Fig. 4: Effect of mutations on the structure of YnaI in DDM and on the function of YnaI in soy polar liposomes.

a Cryo-EM analysis of A155V mutant YnaI in DDM revealed two different conformations, which are overlaid and shown parallel to the membrane (complete channels) and perpendicular to the membrane (section). One conformation shows the canonical closed conformation (one subunit shown as green-yellow ribbons and the other six subunits as white ribbons), whereas the other conformation shows a rotation of the peripheral helices (one subunit shown as sea green ribbons), but the channel remains closed. Residue Ala155 that was mutated to Val is represented as red spheres. b The pressure sensitivity of wild-type (WT) YnaI (n = 5), WT MscS (n = 6) and YnaI mutants A155V (n = 4), K108L (n = 6), R120A (n = 4) and F40A (n = 3) relative to WT MscL measured in giant spheroplasts prepared from E. coli strain MJF431 (which does not express MscS, MscK and MscM) shows that the pressure sensitivity of YnaI is similar to that of MscL. Mutations R120A and F40A had no effect on the pressure sensitivity of YnaI, whereas mutation K108L and potentially A155V made the channel slightly more sensitive to pressure.
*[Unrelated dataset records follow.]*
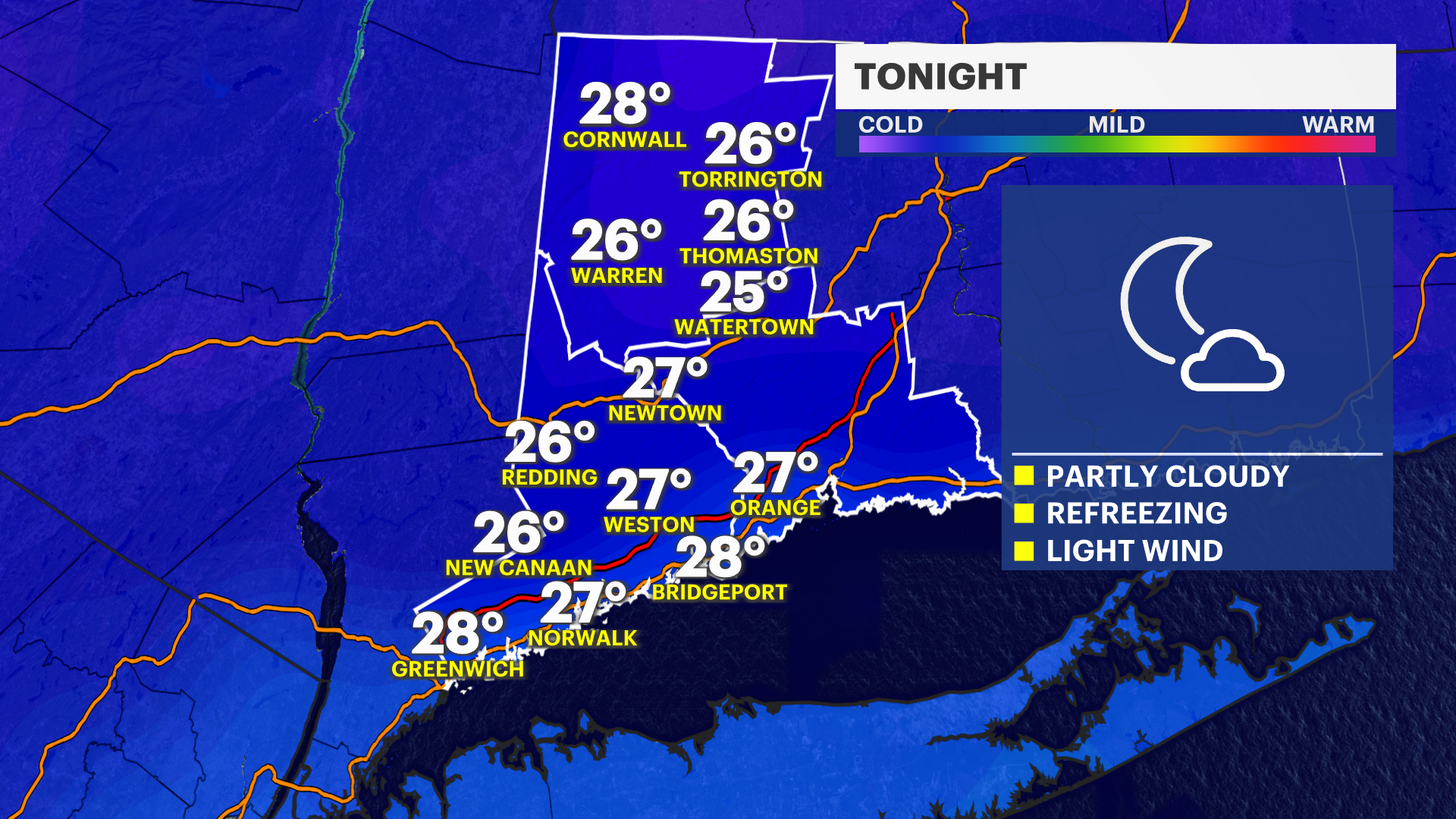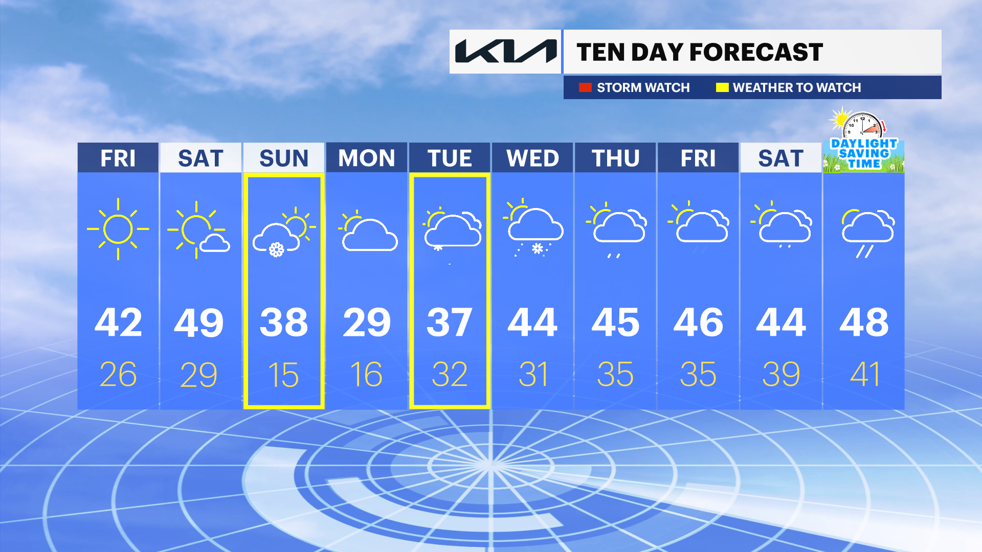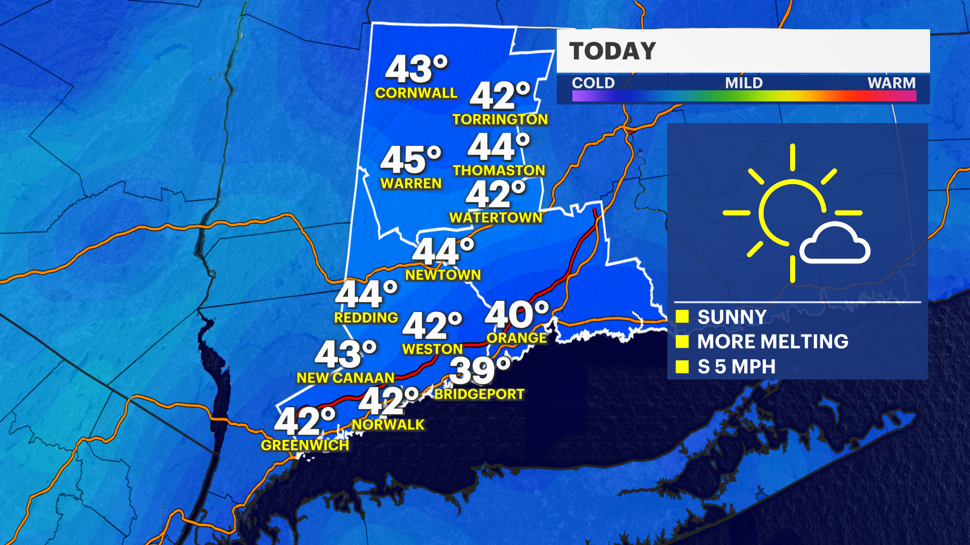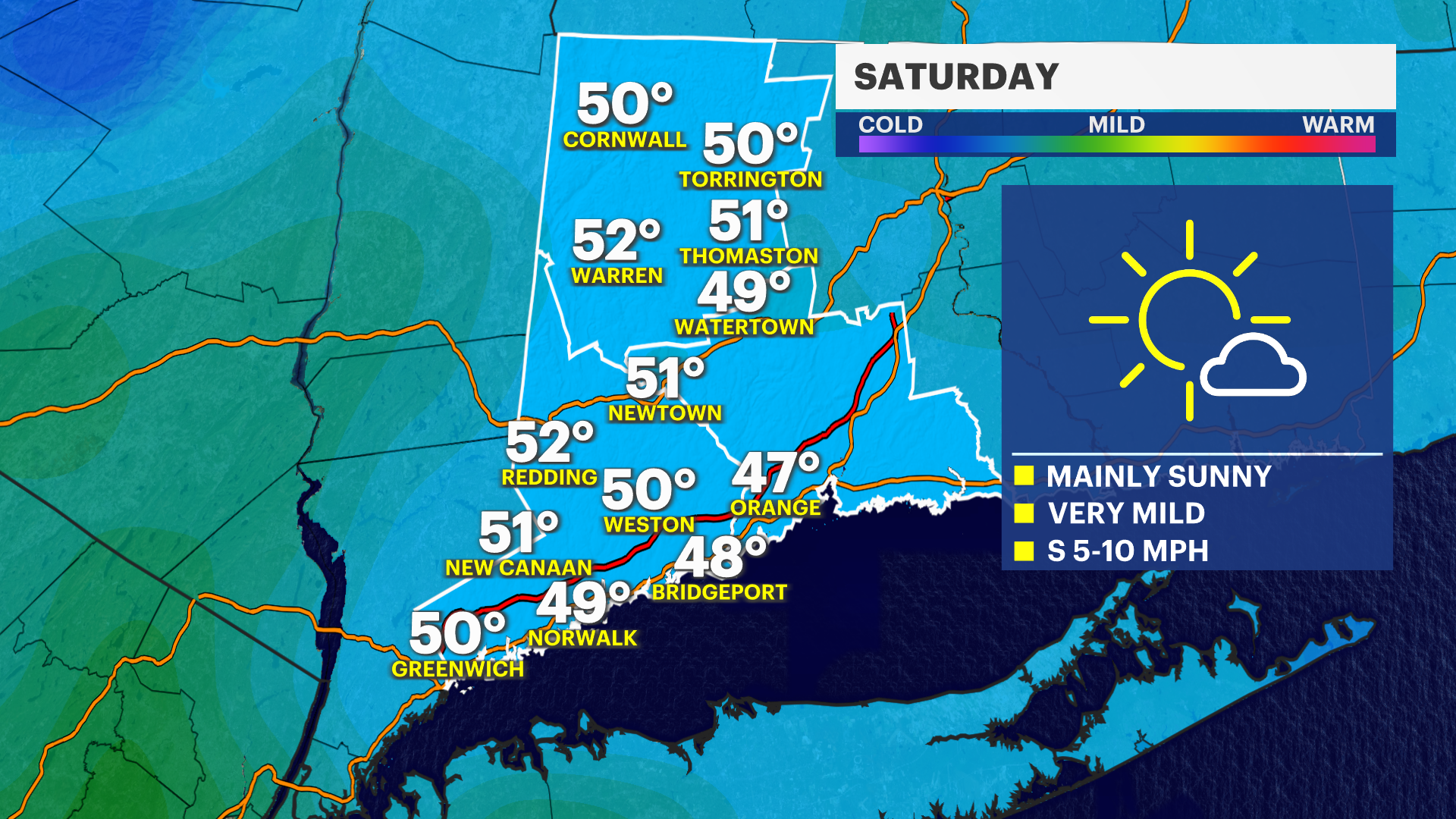 It's a mild Friday afternoon with high temperatures in the low 40s under abundant sunshine. Overnight tonight is cold. Temperatures are below freezing after 9 p.m. with lows in the mid-20s Saturday morning.
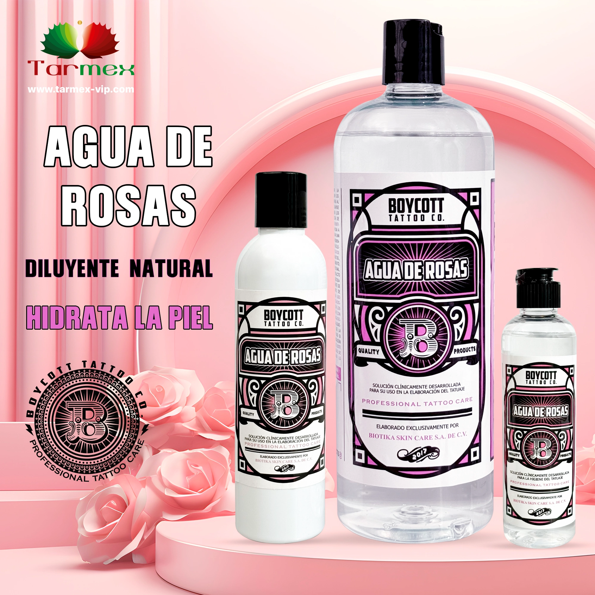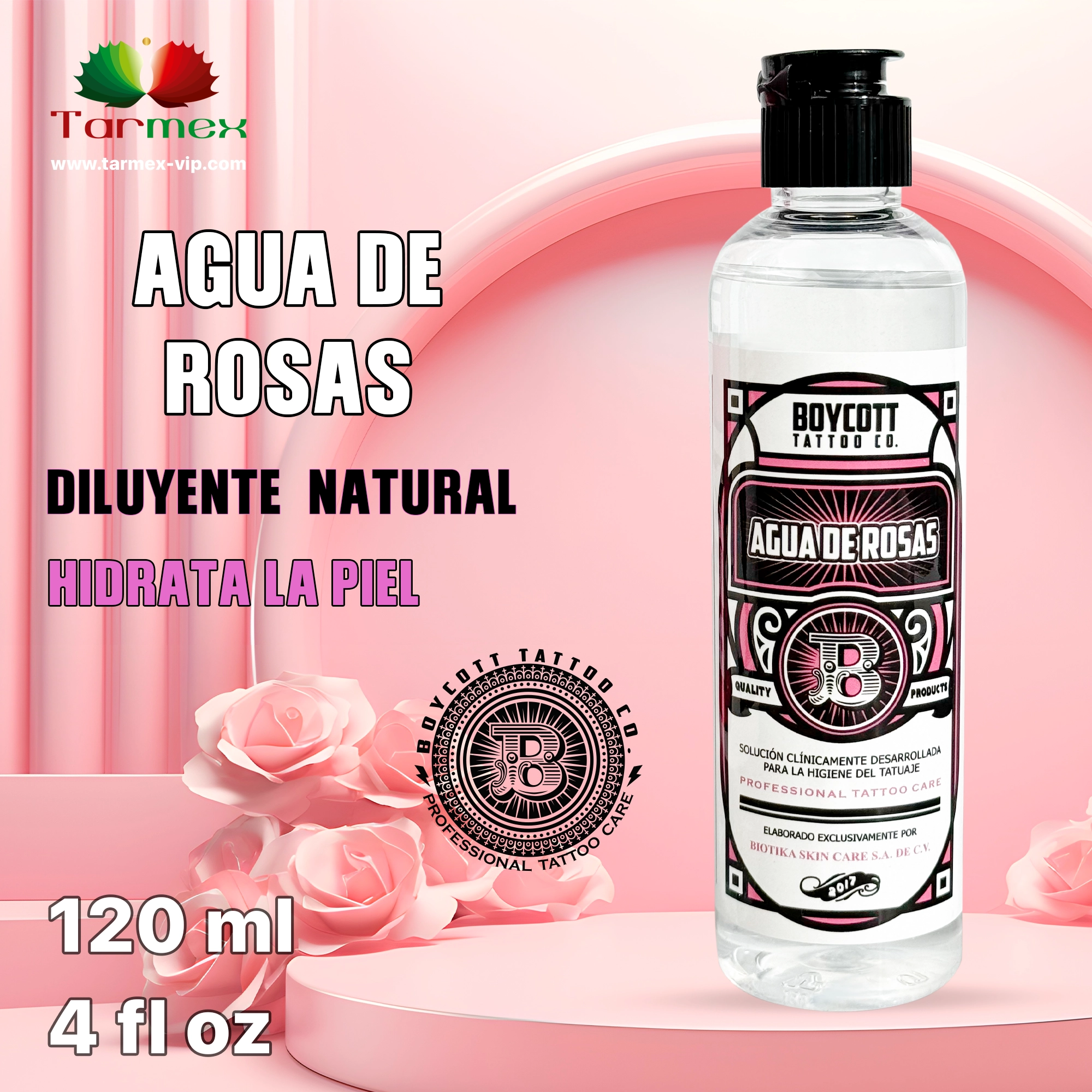 El agua de rosas se utiliza principalmente por vía tópica para reducir la inflamación, promover la cicatrización del tatuaje y mejorar la salud general de la piel.
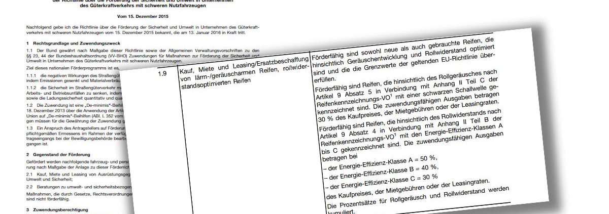 Als die NEUE REIFENZEITUNG vor einer Woche über die neue De-minimis-Förderrichtlinie berichtete („Eine existenzielle Frage“: Neue De-minimis-Förderung ohne Runderneuerte?), war sie noch nicht im Bundesanzeiger veröffentlicht. Dies hatte Hoffnungen im Reifenhandel genährt, man könnte gegebenenfalls doch noch vor Inkrafttreten der neuen Richtlinie formell Einfluss auf die Maßnahme nehmen und sicherstellen, dass auch weiterhin runderneuerte Lkw-Reifen grundsätzlich in den Genuss einer entsprechenden Förderung kommen können. Dem Wortlaut der neuen Richtlinie zufolge schien dies zunächst ausgeschlossen. Mittlerweile ist die Richtlinie allerdings auch im Bundesanzeiger veröffentlicht worden – mit unverändertem Wortlaut, wie Sie hier im PDF nachlesen können. Datum des Inkrafttretens: Mittwoch, 13. Januar 2016. Dennoch kommt wohl Bewegung in die Angelegenheit.
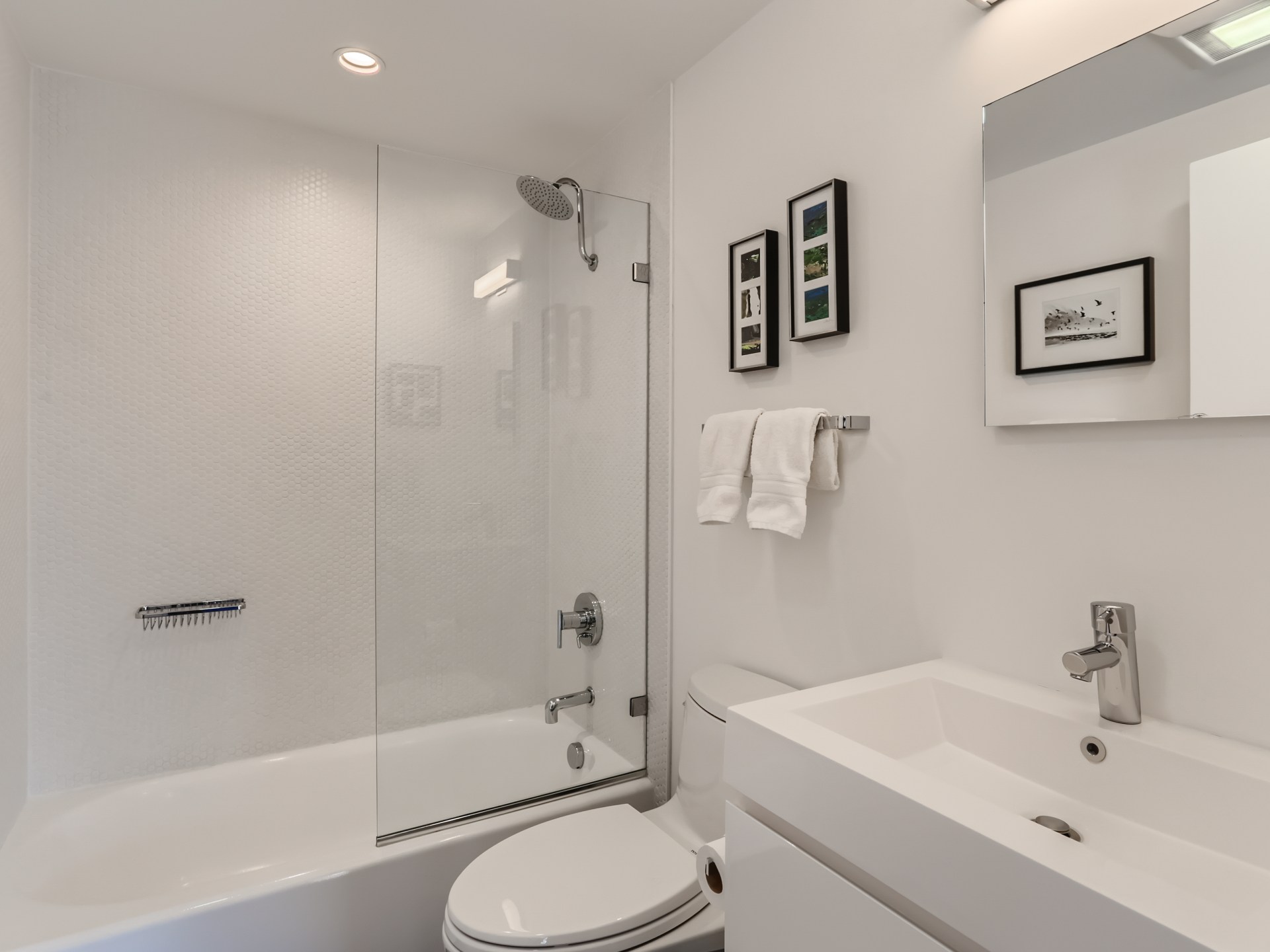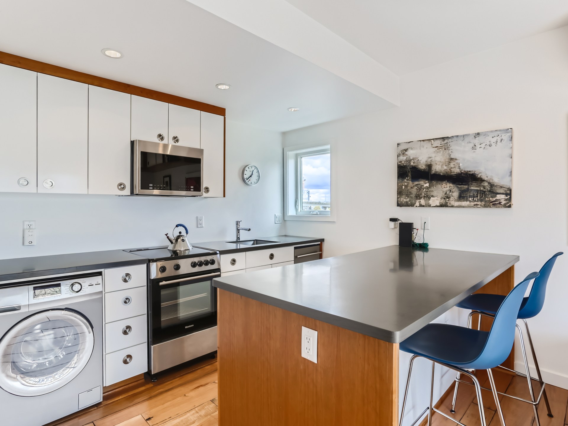 Unique and smart storage in the living space adds to the fresh design. The bathroom features white penny tile in the shower with glass door and slate tile floors. Private balcony offers a quiet space to enjoy the south facing, city views. Smart Hue lighting system with ceiling fan. Dual washer/dryer in unit. Windows and sliding door are new with custom blackout shades. The closet is oversized with custom built in shelving. This one has it all!
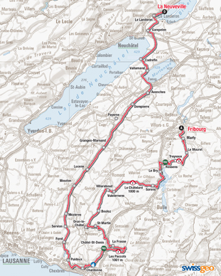 4ª ETAPA (Viernes 1 Mayo): LA NEUVILLE – FRIBOURG (169,8 km). Rutómetro / Vídeo 3D
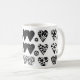 Moderna minimalistiska hjärtan och blommor, svart kaffemugg
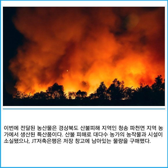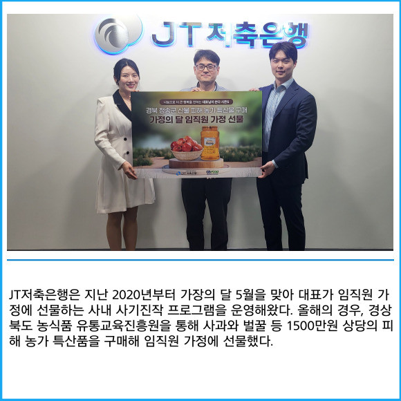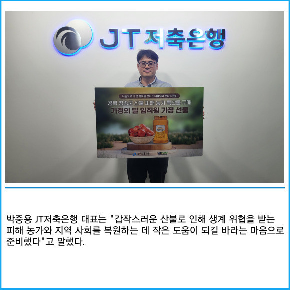 [프라임경제] JT저축은행이 대형 산불 피해를 본 경상북도 지역 농가의 재배 특산품을 구매해 임직원 가정에 선물했다고 8일 밝혔다.
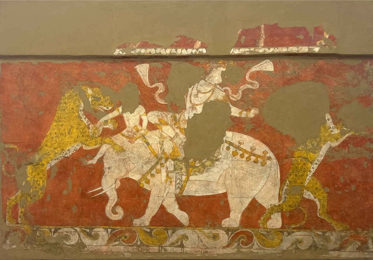 Found in the Varakhsha monument. 8th century. Fragment of the walls of the interior of the palace of the Bukhara kings. This mural depicts a Bukhara prince standing on an elephant fighting a tiger.
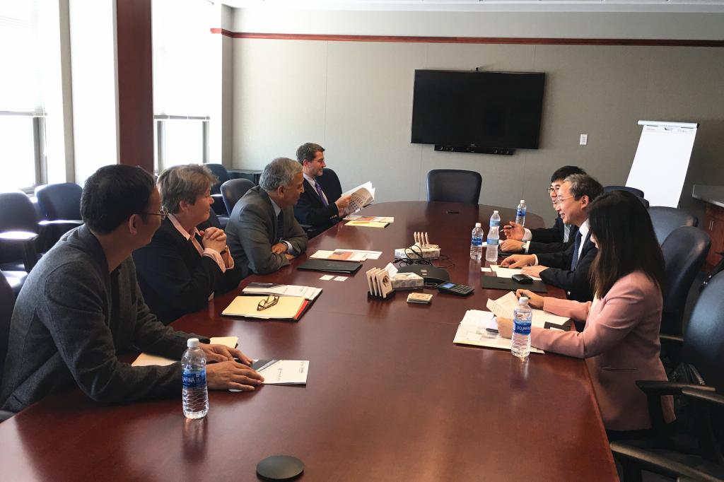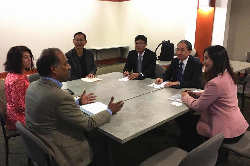 在密苏里大学亚洲事务中心,Sang S.Kim主任以及亚洲事务中心的多位老师介绍了密苏里大学在接收亚洲访问学者,开展员工交换和互访,以及教师培训、管理人员培训等方面的工作情况。双方探讨了开设暑期公司、组织短期课程培训班等多种活动的可行性,并且达成了初步合作意向。
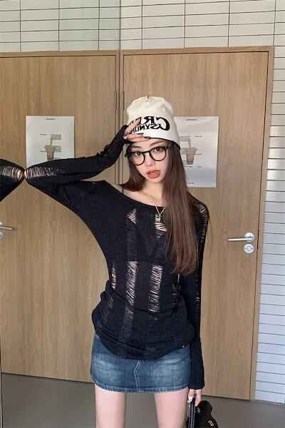 グリーンホローアウトニットセーターカバーアップストラップレス秋フレンチデザインセーター長袖スパイスガールワンショルダートップス女性

Data are presented as mean ± s.e.m. Statistical significance assessed using unpaired two-sided Student’s t-test. c Interactions of pocket lipids (salmon sticks) with YnaI (cyan ribbons) in DOPC nanodiscs. The YnaI residues interacting with the pocket lipids that were mutated are shown as light-green spheres. The inset shows a magnified view of a single hydrophobic pocket. The side chains of the YnaI residues interacting with the pocket lipids that were mutated are shown as light-green sticks.